En ese mismo instante, Birger Brosa comprendió que su ira le había jugado una mala pasada y que por primera vez desde su juventud había dicho una locura. Aconsejar tener a una abadesa como concubina debía de ser lo más estúpido que había dicho jamás en una de esas negociaciones que estaba acostumbrado a ganar siempre.

—¿Y tú, Knut, mi rey y amigo de la infancia? —aprovechó Arn mientras Birger Brosa se revolvía en su propia trampa—, ¿Cuál es tu opinión? Quiero recordar que una vez me prometiste a Cecilia a cambio de que te acompañase en el viaje que terminó con la muerte del rey Karl Sverkersson. Veo que todavía cuelga de tu cuello la cruz que le quitaste a la víctima.
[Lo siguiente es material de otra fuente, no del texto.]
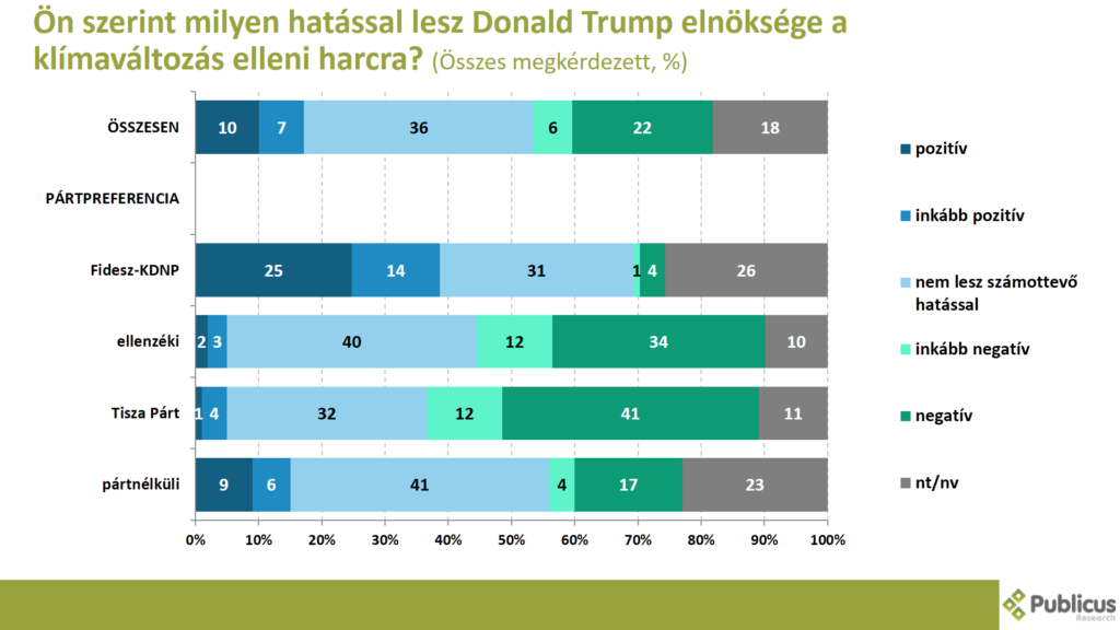 Tízből közel négy (36 százalék) válaszadó szerint nem lesz számottevő hatással Donald Trump elnöksége a klímaváltozás elleni harcra. Így nyilatkozott a pártnélküliek és az ellenzéki szavazók közül is tízből négy (40-41 százalék), a Tisza Párt szavazóinak a 32 százaléka, illetve a Fidesz szavazók 31 százaléka.

Y bien, ¿cuál es tu opinión?

—No creo que sea asunto de un rey hablar a favor o en contra —respondió Knut, inseguro—. Eso de lo que habláis Birger y tú con tanto apasionamiento pertenece a vuestra familia y mal estaría que el rey se entrometiese en cosas que se refieren a los matrimonios de otras familias.

—Pero me diste tu palabra —repuso Arn con frialdad.

—¿Ah, sí? No lo recuerdo —dijo el rey, sorprendido.

—¿Recuerdas aquella vez en que me ibas a convencer para que te acompañase a Näs, cuando íbamos a navegar en ese pequeño barco negro sobre hielo y agujeros en plena noche?

—Sí, y tú eras mi amigo. Tú estuviste a mi lado en el momento de peligro, nunca lo olvidaré.

—Entonces también recordarás que primero tiramos con un arco y si yo te ganaba sería por Cecilia. Y yo te vencí. Tengo la palabra de un rey.

El rey Knut respiró profundamente y se mesó la barba encanecida mientras pensaba.

—Hace mucho tiempo de eso y tengo dificultades para recordar cuáles fueron las palabras exactas —empezó a decir, dudoso—, Pero puesto que entonces yo no era rey y no lo sería hasta al cabo de muchos años, no puedes tener la palabra de un rey…

—Entonces tendré al menos la palabra del hijo de un rey, Knut Eriksson, las palabras de mi amigo —replicó Arn.